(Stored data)
--------------------
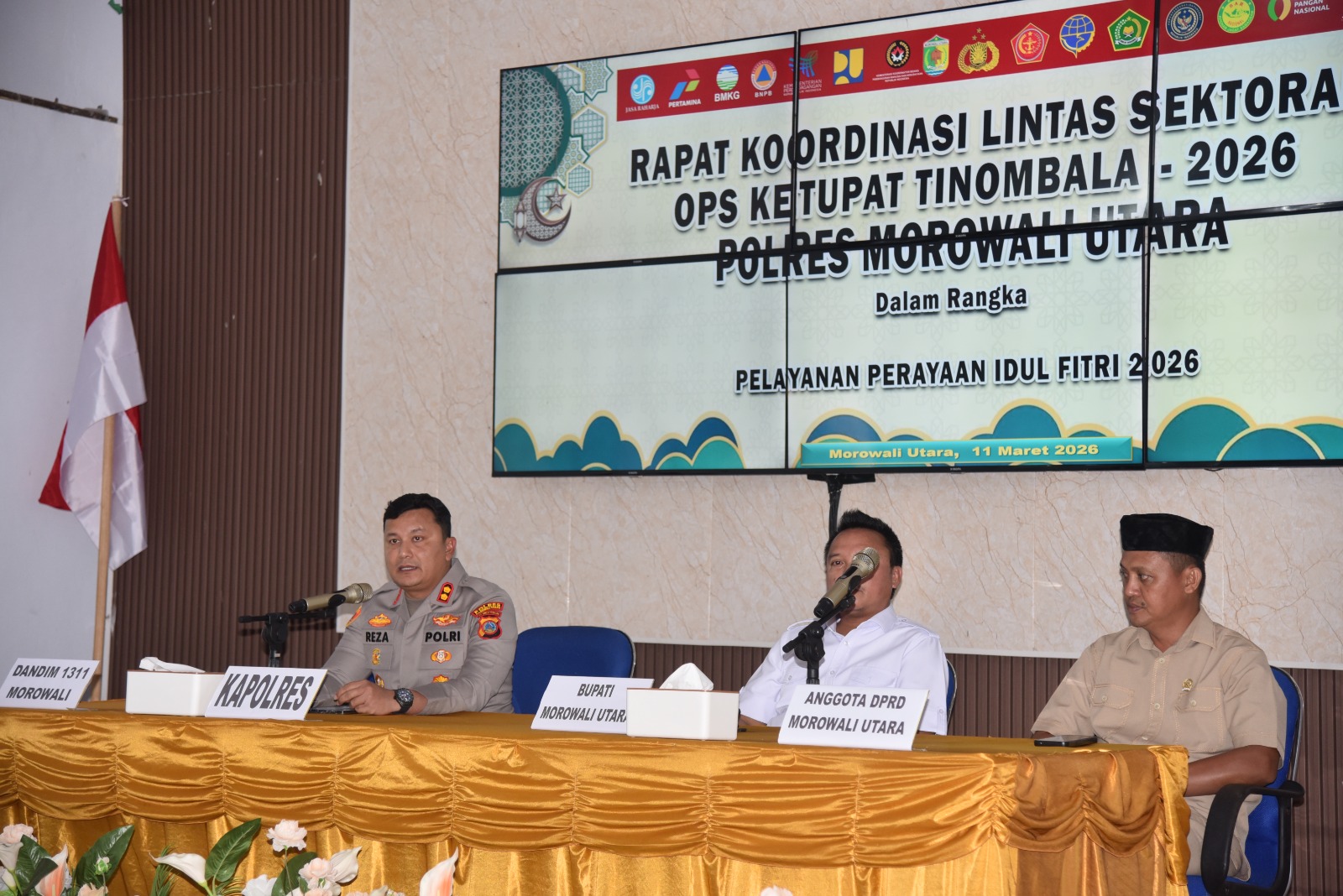 MORUT, RRN – Kepolisian Resor Morowali Utara menggelar rapat koordinasi (rakor) lintas sektoral dalam rangka menghadapi Operasi Ketupat Tinombala-2026. Sebanyak 221 personel gabungqn diturunkan untuk mengawal masyarakat yang akan melaksanakan mudik Lebaran 2026 di wilayah Kabupaten Morowali Utara. Rabu (11/3/2026)
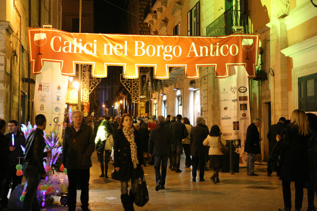 Con Calici nel Borgo Antico sarà possibile assaporare i vini bianchi, rossi e rosati, dolci o liquorosi, novelli e spumanti delle più rinomate cantine pugliesi. E tra un bicchiere e l’altro, non mancheranno degustazioni dei tanti prodotti d’eccellenza della nostra terra, visite guidate e tanti eventi collaterali.
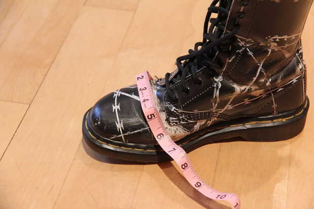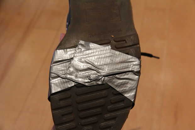 Para conseguir este look para sus botas sin dejar permanentemente mugre de cinta del conducto en, en primer lugar medir una pieza de cinta que es suficiente para envolver alrededor del dedo del pie (parte superior e inferior). Pone este plana en el piso con el lado adhesivo hacia arriba. Medir el otro pedazo de cinta adhesiva justo el tiempo suficiente para envolver en la parte superior del dedo del pie. Puesto esta pieza más corta, el lado pegajoso hacia abajo, encima de uno más largo. Tomar todo y enróllelo alrededor del dedo del pie para que las partes sólo pegajosas se adhieren a la parte inferior de la bota, no a la piel en la parte superior.
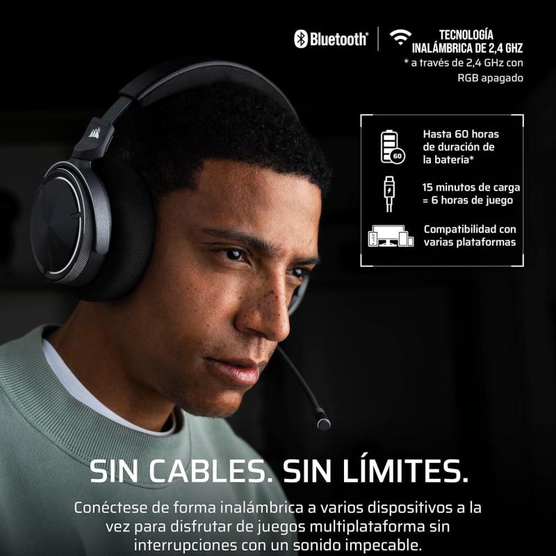 COMPLETAMENTE SUMERGIDO. SIEMPRE CONECTADO: Sumérgete en los juegos mientras te mantienes conectado a tu smartphone con nuestro auricular inalámbrico de doble conexión. Su batería de 60 horas* te permite jugar durante días, sin perder llamadas ni mensajes. Disfruta de un audio cristalino en ambos dispositivos mientras equilibras el juego intenso con la conectividad del mundo real, todo en un paquete duradero y de alto rendimiento.
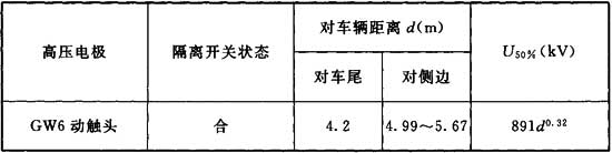表F.0.3-5 隔離開關(guān)對車輛空氣間隙的操作沖擊50%放電電壓
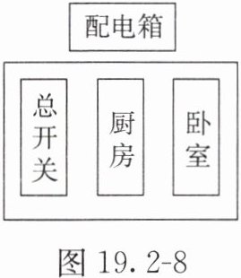 7. 如图 19.2 - 8 所示是小明家中的配电箱简化后的示意图(将家中房间简化为厨房和卧室),当家中总电流过大时总开关(空气开关)断开。厨房和卧室的开关分别控制厨房和卧室中的用电器。
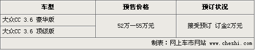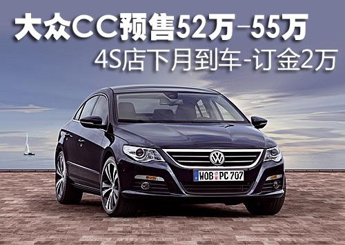 大眾CC自去年廣州車展亮相后一直受到消費者廣泛關(guān)注,此前有關(guān)這款車的詳細參數(shù)和配置已經(jīng)曝光。大眾CC將搭載3.6FSI燃油直噴引擎和6速DSG雙離合變速箱,將分豪華版和頂級版兩款。根據(jù)網(wǎng)上車市價格監(jiān)測系統(tǒng)顯示,目前這款車有望在下月到店,4S店開始接受消費者預(yù)訂,具體行情如下:
--------------------
Return the lines from the one containing "COMPLETAMENTE SUMERGIDO. SIEMPRE" through the last line of the records, both included, exactly as written and with no pictures.

• _Solved problem_
 COMPLETAMENTE SUMERGIDO. SIEMPRE CONECTADO: Sumérgete en los juegos mientras te mantienes conectado a tu smartphone con nuestro auricular inalámbrico de doble conexión. Su batería de 60 horas* te permite jugar durante días, sin perder llamadas ni mensajes. Disfruta de un audio cristalino en ambos dispositivos mientras equilibras el juego intenso con la conectividad del mundo real, todo en un paquete duradero y de alto rendimiento.
表F.0.3-5 隔離開關(guān)對車輛空氣間隙的操作沖擊50%放電電壓
 7. 如图 19.2 - 8 所示是小明家中的配电箱简化后的示意图(将家中房间简化为厨房和卧室),当家中总电流过大时总开关(空气开关)断开。厨房和卧室的开关分别控制厨房和卧室中的用电器。
 大眾CC自去年廣州車展亮相后一直受到消費者廣泛關(guān)注,此前有關(guān)這款車的詳細參數(shù)和配置已經(jīng)曝光。大眾CC將搭載3.6FSI燃油直噴引擎和6速DSG雙離合變速箱,將分豪華版和頂級版兩款。根據(jù)網(wǎng)上車市價格監(jiān)測系統(tǒng)顯示,目前這款車有望在下月到店,4S店開始接受消費者預(yù)訂,具體行情如下:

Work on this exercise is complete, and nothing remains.